According to the IDC White Paper titled “The Business value of BMC Discovery Software”, organizations that deploy this solution can expect to achieve benefits worth +$35,000 per 100 servers ($4.5 million total per organization on average). This is realized through a combination of IT staff productivity gains, risk mitigation (and related user productivity benefits), IT infrastructure cost reduction, and additional business productivity benefits such as application performance and scalability.
When an organization is evaluating and later configuring an ITAM system, there are many key criteria to consider, including:
- Which assets you have and how they are expensed
- What you’re tracking – the real-time status of servers or websites or the physical tracking of assets
- Personnel resources – how much time is currently being spent on IT asset management and what is the potential cost savings of an automated solution
- Budgeting and Use Cases – which parts of the organization can contribute to the upfront costs associated with an advanced ITAM system – and how that contribution will be offset by the overall gains realized by the solution
- Customization – what are the requirements for your organization’s needs for customization.

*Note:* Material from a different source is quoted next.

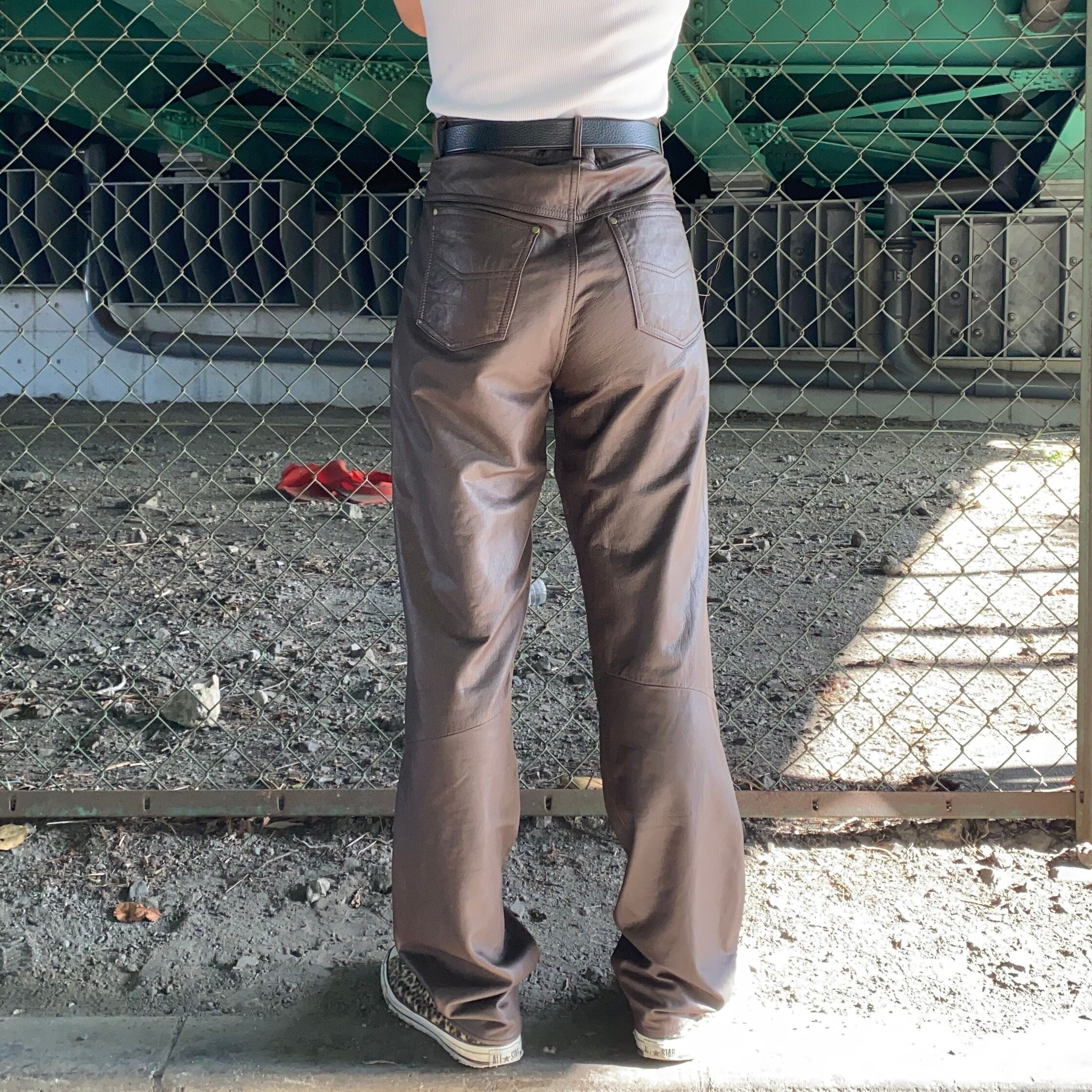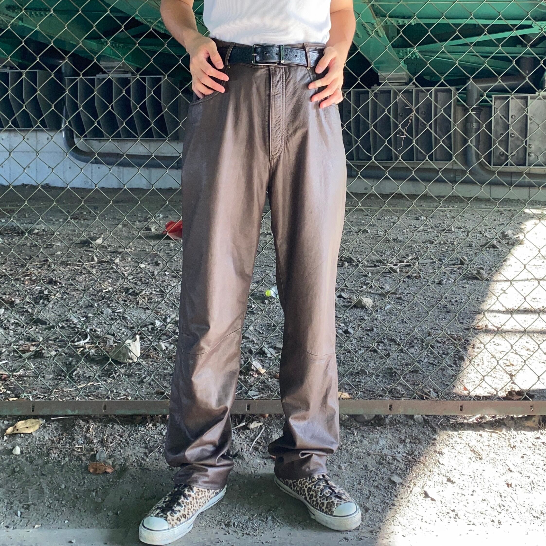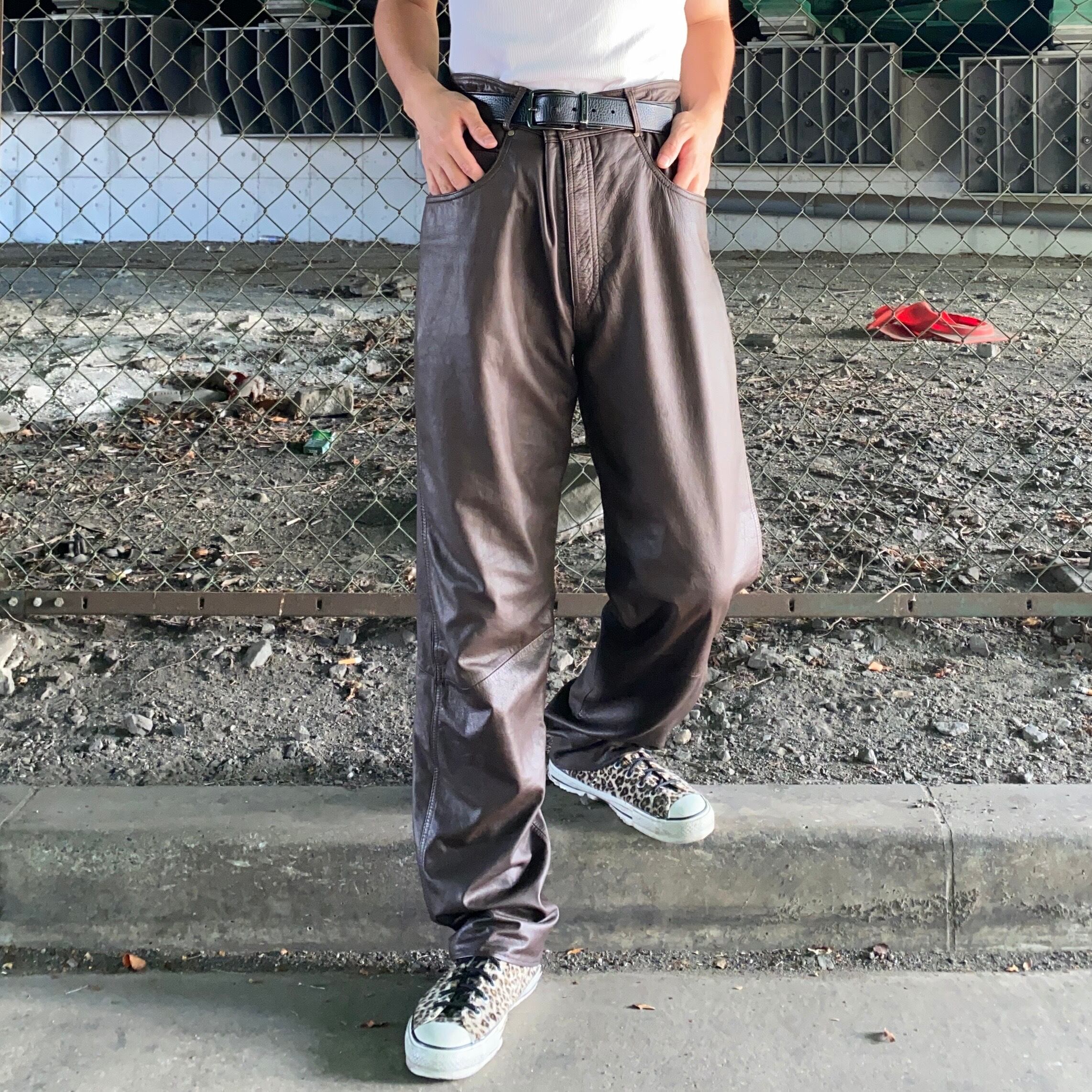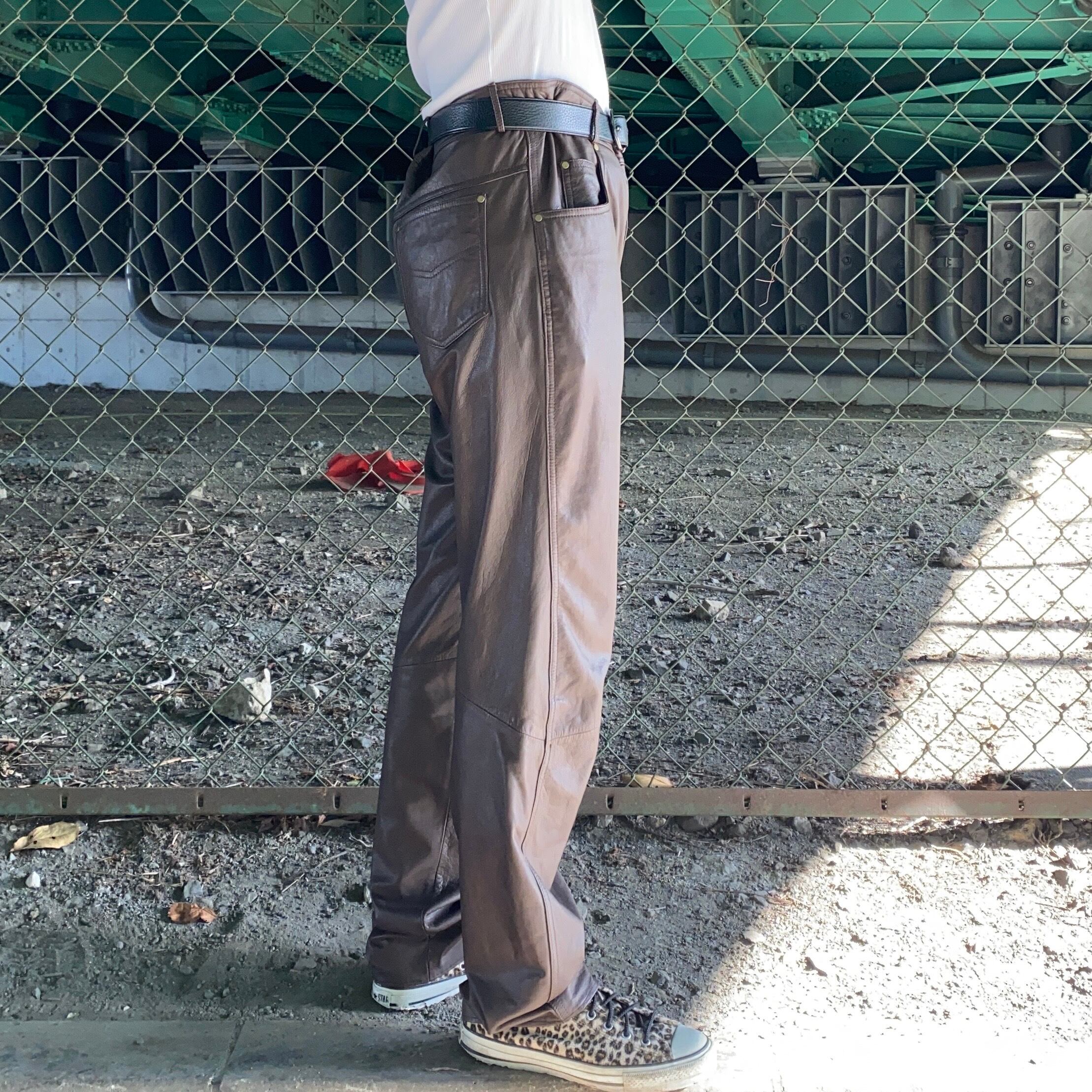 レザーパンツらしい少しハードな印象を与えるブラックと比較して、ブラウンですと温かみがあり、着やすい感じがします。

This could be based on pre-existing ITAM processes that are in place, based on ITIL Service Asset and Configuration Management, or could be based on organization-specific needs or software configurations
- Integration with help desk ticketing, services and/or other IT services/solutions
With businesses moving at the speed of digital innovation, there is not only more to manage, but it is more imperative to effectively manage all the assets to maximize the bottom line. ITAM systems offer a much better way to manage it all. Take advantage of cloud-based ITAM systems to stay on top of business needs, encourage smart and measurable change, and minimize inherent security risks.